------ Given material

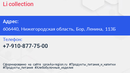 Li collection по адресу 606440, Нижегородская область, Бор, Ленина, 113Б в дальнейшем Организация, размещена в следующих категориях:
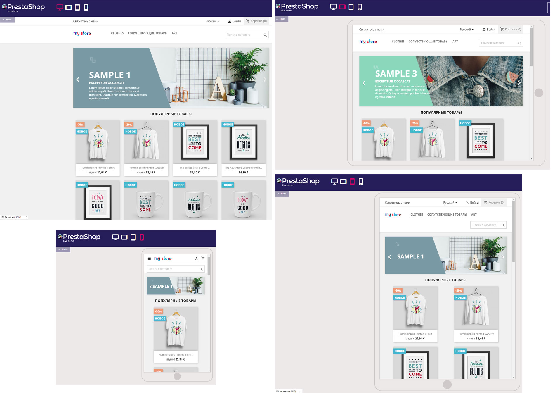 В верхней панели окна Вы можете выбирать, как будет смотреть типовой магазин для специального устройства: ПК, планшет, телефон.
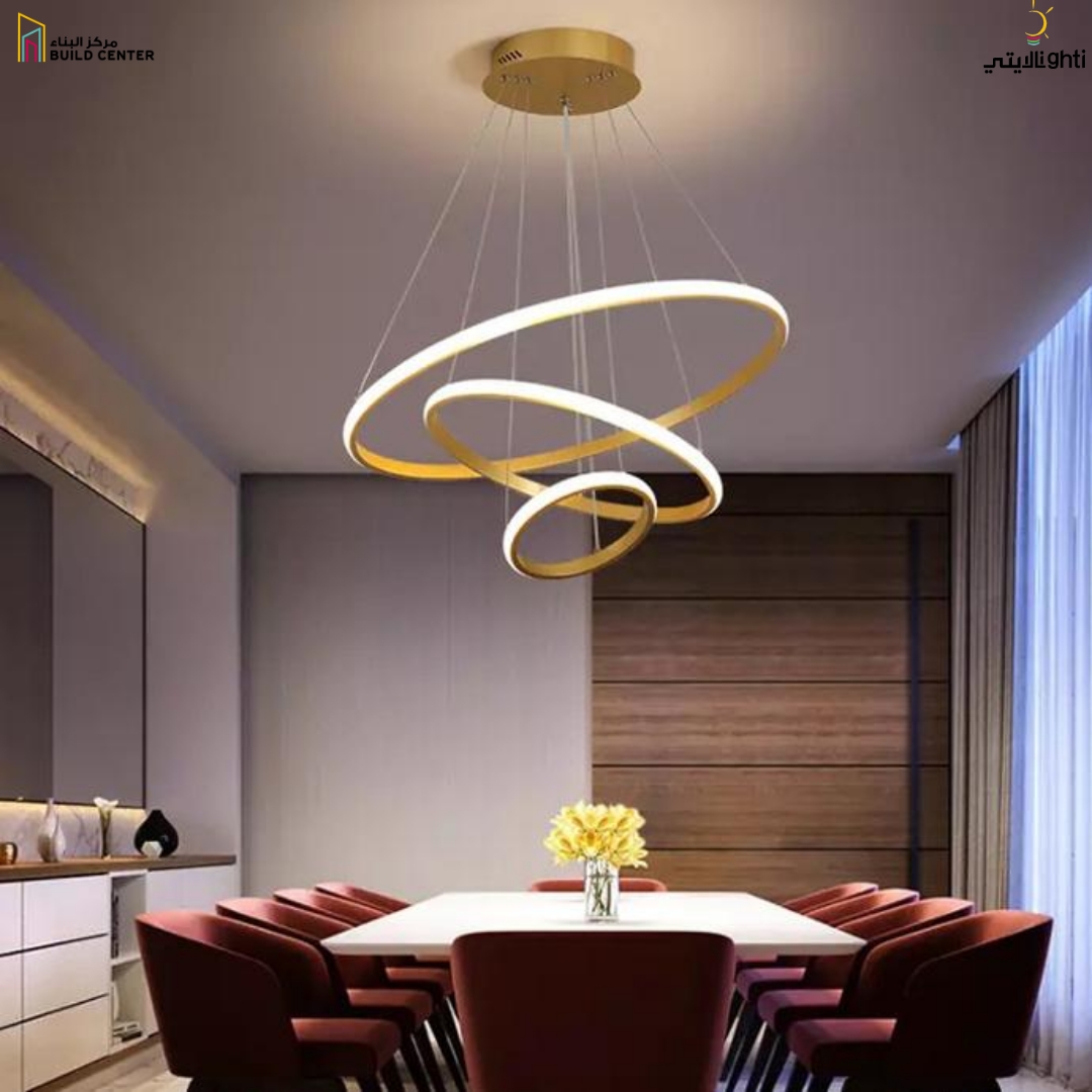 - التعليق المعلق يجعل هذا المصباح مثاليًا لإضاءة المساحات بشكل مركزي، ويُعتبر خيارًا رائعًا لغرف المعيشة، غرف الطعام، المكاتب، وغيرها.

------------

» Instructions for the task: Copy nothing but the lines from the top of the data down to the line containing "В верхней панели", and leave the pictures out.

» Problem solution:
 Li collection по адресу 606440, Нижегородская область, Бор, Ленина, 113Б в дальнейшем Организация, размещена в следующих категориях:
 В верхней панели окна Вы можете выбирать, как будет смотреть типовой магазин для специального устройства: ПК, планшет, телефон.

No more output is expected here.